Records for the task:
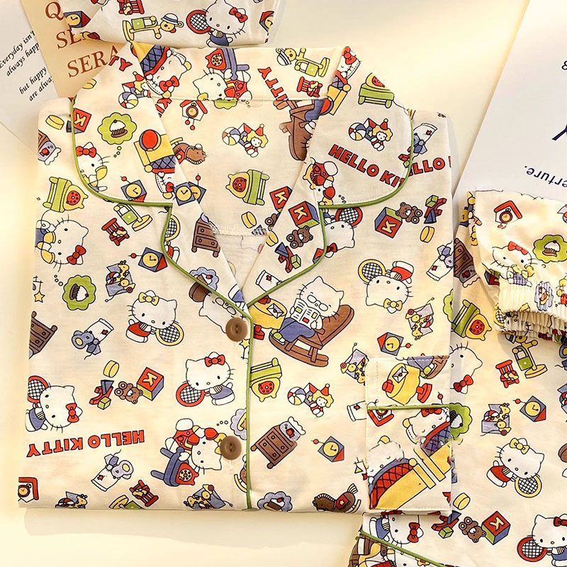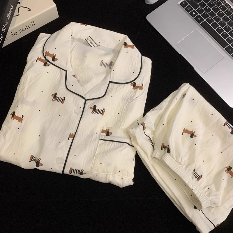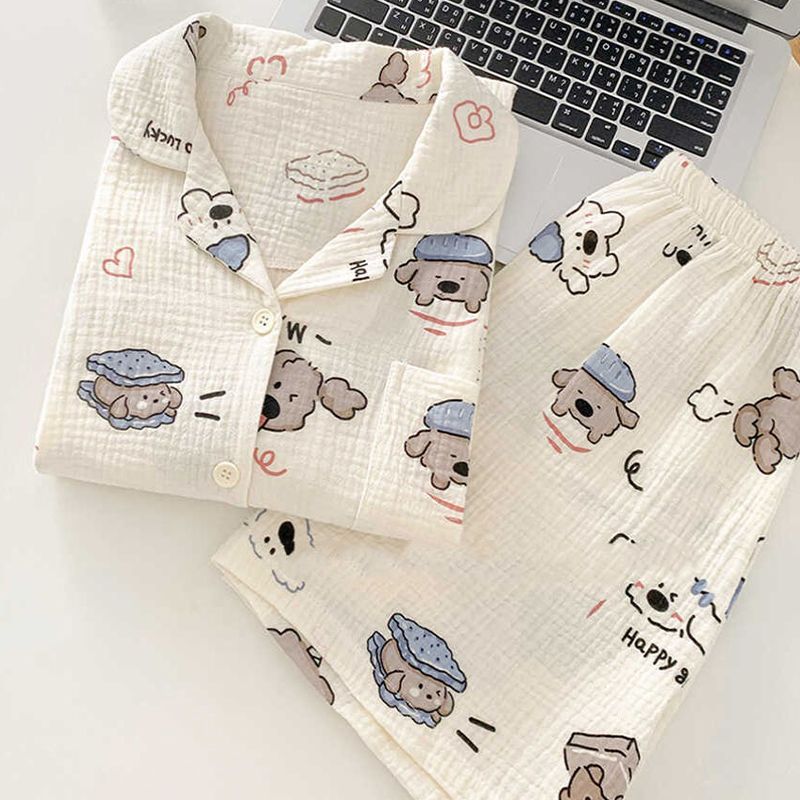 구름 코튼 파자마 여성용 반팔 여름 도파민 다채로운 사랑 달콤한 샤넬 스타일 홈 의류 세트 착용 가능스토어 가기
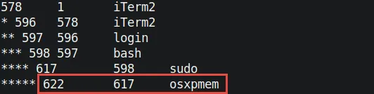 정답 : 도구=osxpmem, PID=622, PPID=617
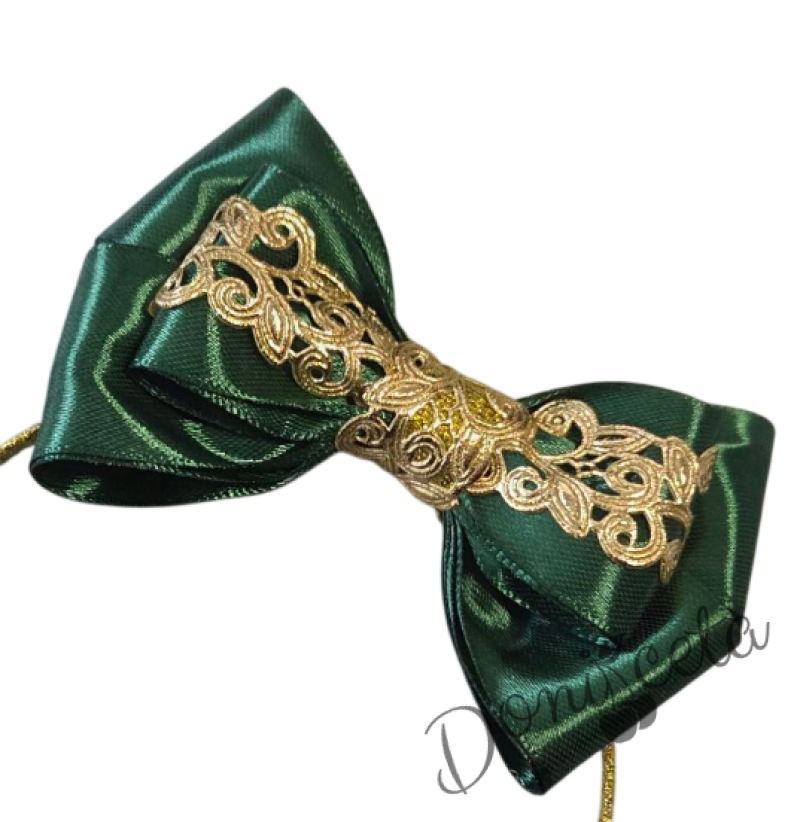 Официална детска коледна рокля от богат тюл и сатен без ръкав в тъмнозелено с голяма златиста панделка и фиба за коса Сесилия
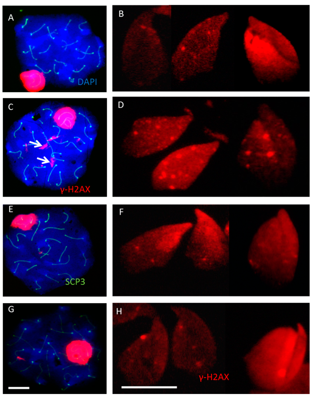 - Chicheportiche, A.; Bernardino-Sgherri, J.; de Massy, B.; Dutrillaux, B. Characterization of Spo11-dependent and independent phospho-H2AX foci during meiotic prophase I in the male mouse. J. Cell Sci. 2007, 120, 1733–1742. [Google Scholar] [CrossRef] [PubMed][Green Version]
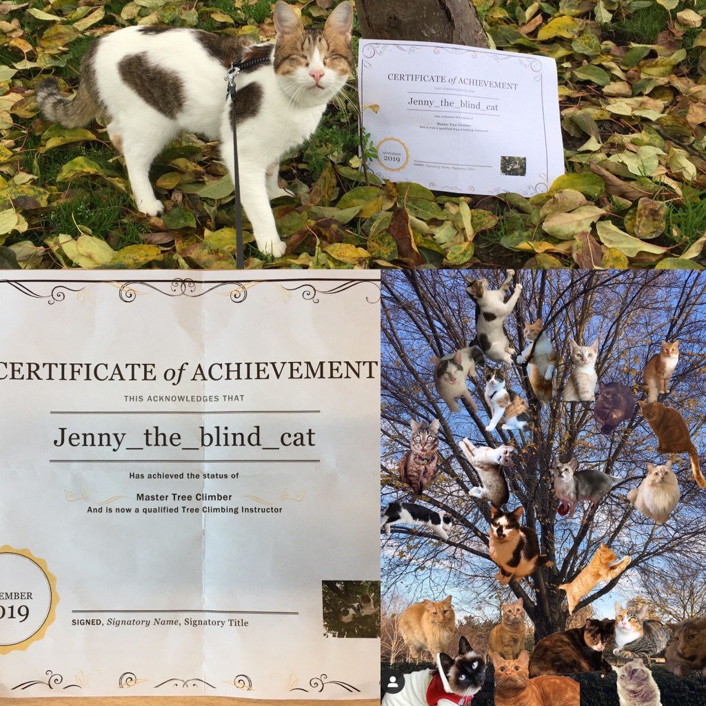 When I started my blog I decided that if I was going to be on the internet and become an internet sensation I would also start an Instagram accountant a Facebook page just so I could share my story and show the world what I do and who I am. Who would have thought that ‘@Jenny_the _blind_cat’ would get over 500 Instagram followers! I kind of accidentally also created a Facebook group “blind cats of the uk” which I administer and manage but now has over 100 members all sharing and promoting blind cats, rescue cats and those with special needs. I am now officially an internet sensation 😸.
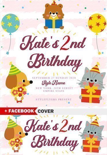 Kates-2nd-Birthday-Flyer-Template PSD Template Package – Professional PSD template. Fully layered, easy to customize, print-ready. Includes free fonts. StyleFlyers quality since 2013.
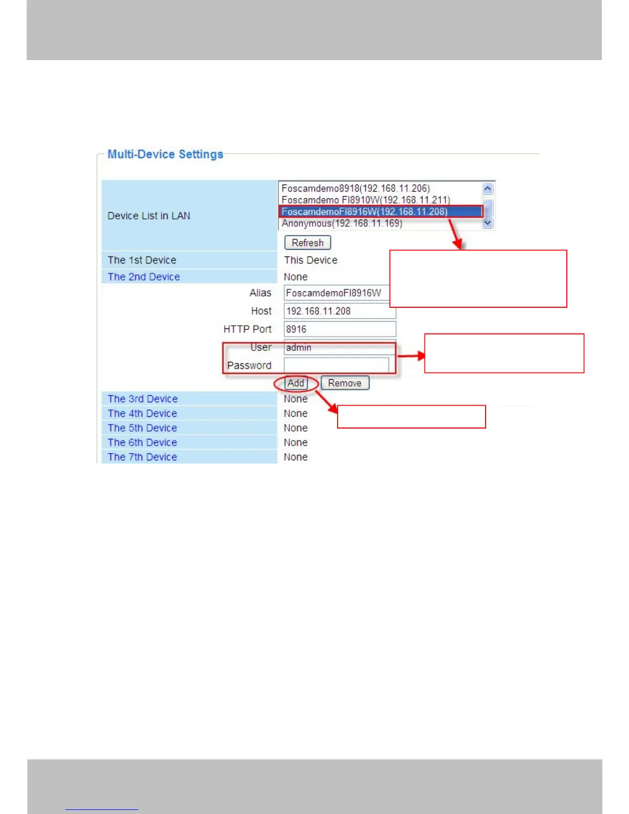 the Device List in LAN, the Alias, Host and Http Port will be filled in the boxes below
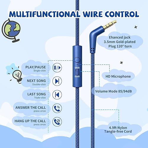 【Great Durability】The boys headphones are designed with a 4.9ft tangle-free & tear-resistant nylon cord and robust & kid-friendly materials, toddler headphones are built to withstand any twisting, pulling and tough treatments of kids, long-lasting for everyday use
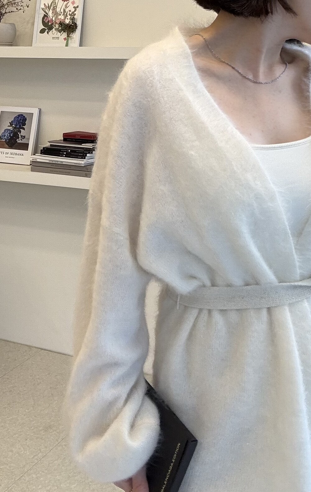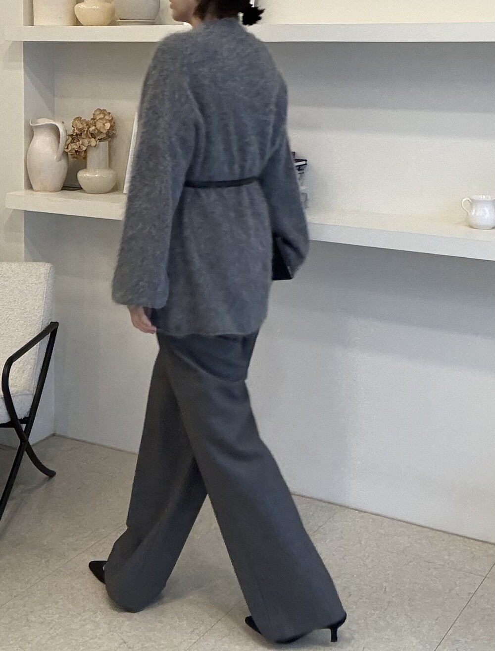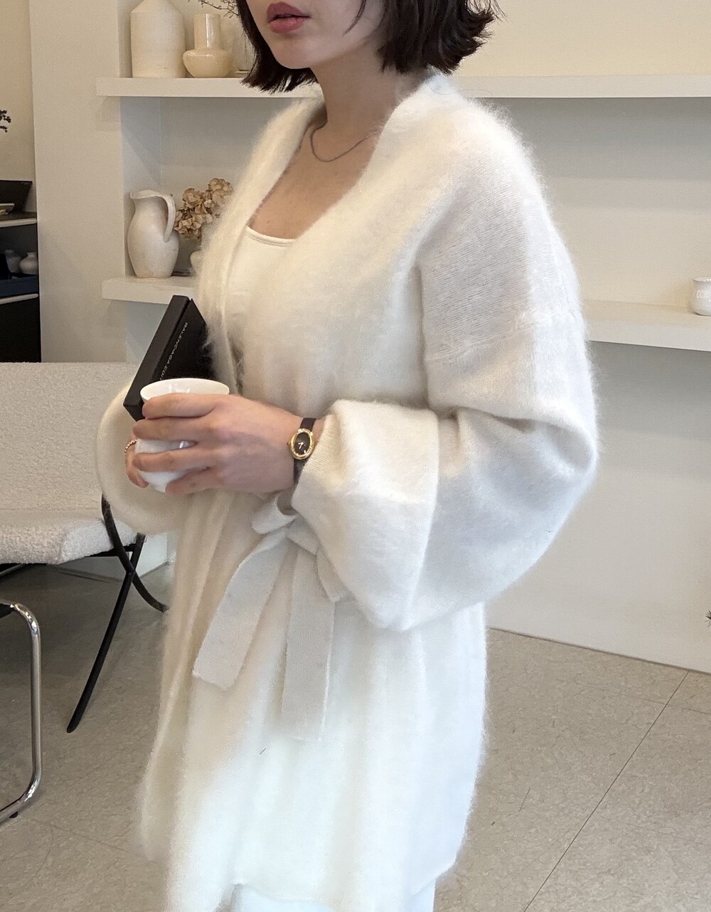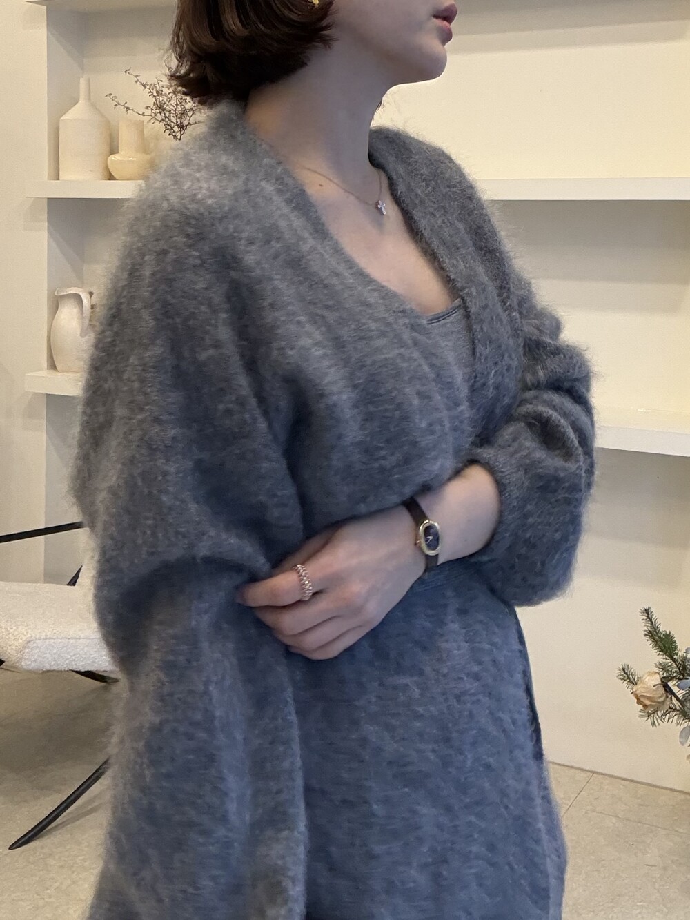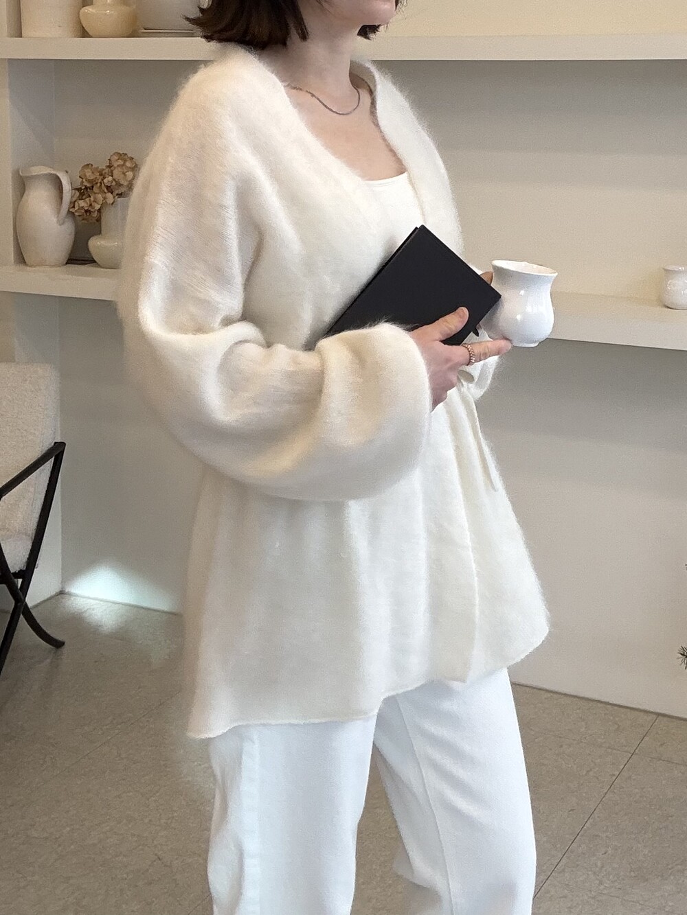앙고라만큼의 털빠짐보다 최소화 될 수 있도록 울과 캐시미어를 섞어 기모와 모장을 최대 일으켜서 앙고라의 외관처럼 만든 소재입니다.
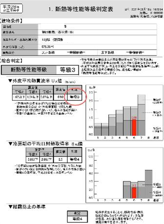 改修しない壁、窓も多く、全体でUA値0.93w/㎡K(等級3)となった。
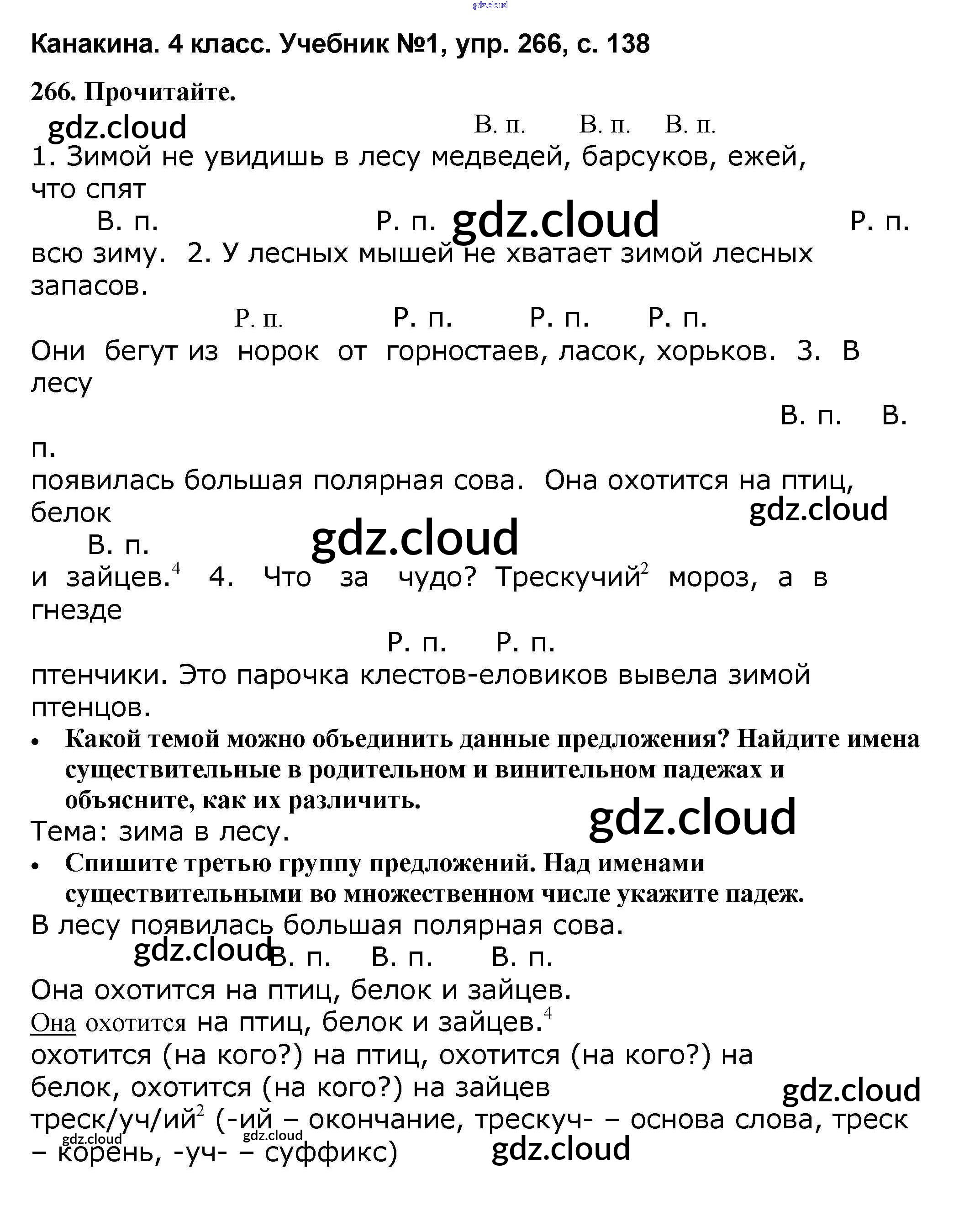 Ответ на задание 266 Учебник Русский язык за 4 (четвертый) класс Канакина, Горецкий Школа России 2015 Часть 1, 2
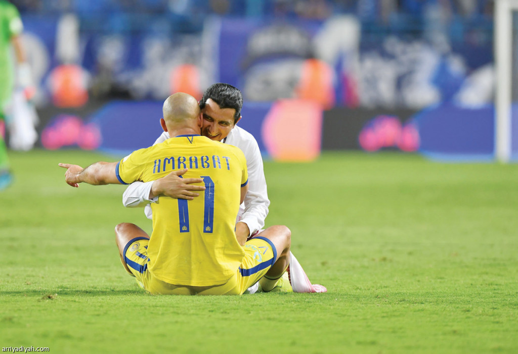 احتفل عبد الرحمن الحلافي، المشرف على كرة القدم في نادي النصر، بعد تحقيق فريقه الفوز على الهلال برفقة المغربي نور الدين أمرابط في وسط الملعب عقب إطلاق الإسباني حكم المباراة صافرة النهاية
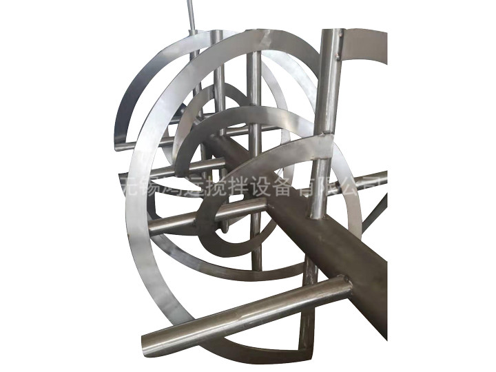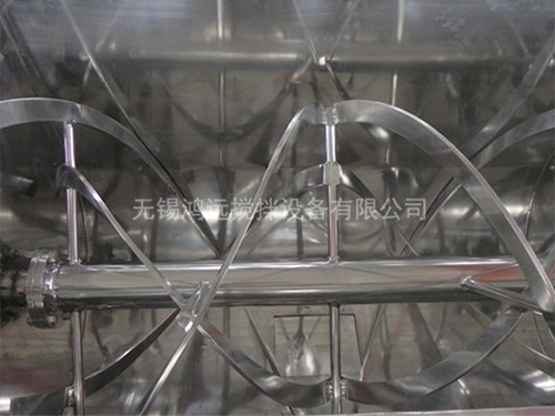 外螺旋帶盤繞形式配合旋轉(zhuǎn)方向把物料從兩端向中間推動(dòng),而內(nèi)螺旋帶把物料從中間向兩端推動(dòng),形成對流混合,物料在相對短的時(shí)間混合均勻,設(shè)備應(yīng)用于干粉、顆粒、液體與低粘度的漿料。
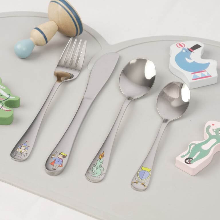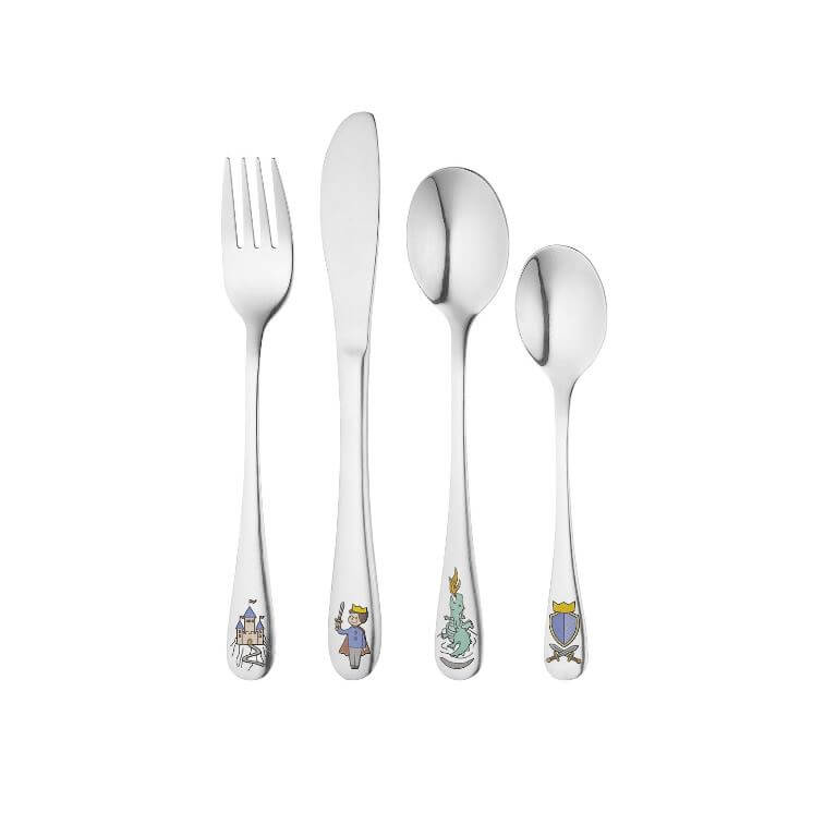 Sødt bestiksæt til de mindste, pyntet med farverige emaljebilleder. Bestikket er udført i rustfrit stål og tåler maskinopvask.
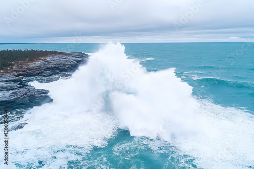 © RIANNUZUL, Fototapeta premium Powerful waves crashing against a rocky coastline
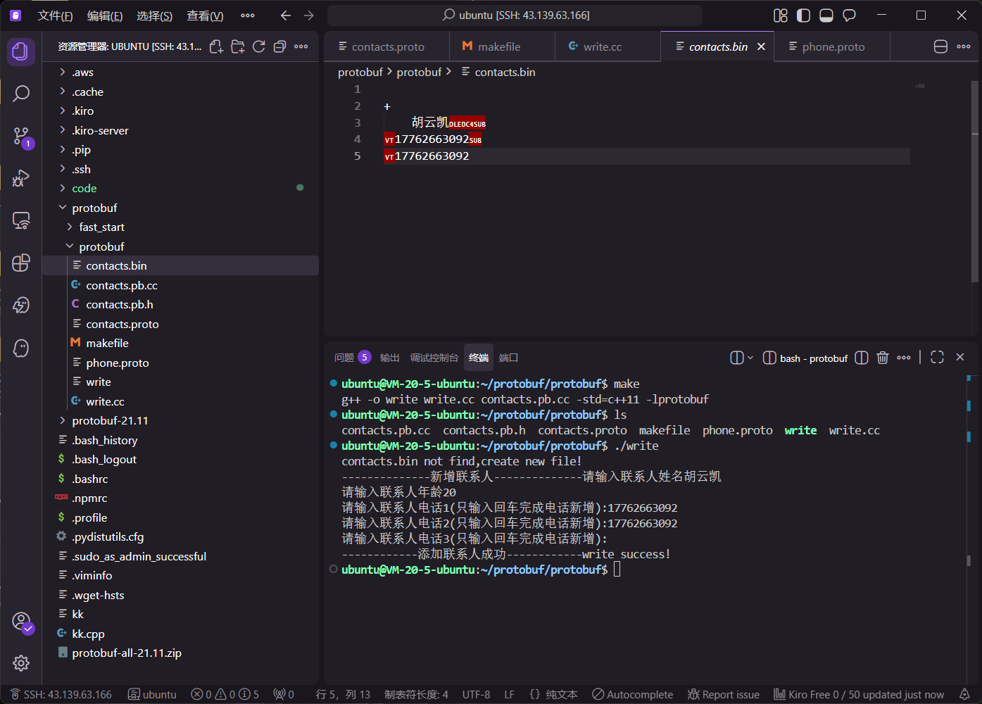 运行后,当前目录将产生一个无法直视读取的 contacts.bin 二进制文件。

Task goal:
Reproduce exactly the lines above that run from the one with "정답 : 도구=osxpmem, PID=622, PPID=617" to the one with "Ответ на задание", both included, leaving pictures out.

Output below:
 정답 : 도구=osxpmem, PID=622, PPID=617
 Официална детска коледна рокля от богат тюл и сатен без ръкав в тъмнозелено с голяма златиста панделка и фиба за коса Сесилия
 - Chicheportiche, A.; Bernardino-Sgherri, J.; de Massy, B.; Dutrillaux, B. Characterization of Spo11-dependent and independent phospho-H2AX foci during meiotic prophase I in the male mouse. J. Cell Sci. 2007, 120, 1733–1742. [Google Scholar] [CrossRef] [PubMed][Green Version]
 When I started my blog I decided that if I was going to be on the internet and become an internet sensation I would also start an Instagram accountant a Facebook page just so I could share my story and show the world what I do and who I am. Who would have thought that ‘@Jenny_the _blind_cat’ would get over 500 Instagram followers! I kind of accidentally also created a Facebook group “blind cats of the uk” which I administer and manage but now has over 100 members all sharing and promoting blind cats, rescue cats and those with special needs. I am now officially an internet sensation 😸.
 Kates-2nd-Birthday-Flyer-Template PSD Template Package – Professional PSD template. Fully layered, easy to customize, print-ready. Includes free fonts. StyleFlyers quality since 2013.
 the Device List in LAN, the Alias, Host and Http Port will be filled in the boxes below
 【Great Durability】The boys headphones are designed with a 4.9ft tangle-free & tear-resistant nylon cord and robust & kid-friendly materials, toddler headphones are built to withstand any twisting, pulling and tough treatments of kids, long-lasting for everyday use
앙고라만큼의 털빠짐보다 최소화 될 수 있도록 울과 캐시미어를 섞어 기모와 모장을 최대 일으켜서 앙고라의 외관처럼 만든 소재입니다.
 改修しない壁、窓も多く、全体でUA値0.93w/㎡K(等級3)となった。
 Ответ на задание 266 Учебник Русский язык за 4 (четвертый) класс Канакина, Горецкий Школа России 2015 Часть 1, 2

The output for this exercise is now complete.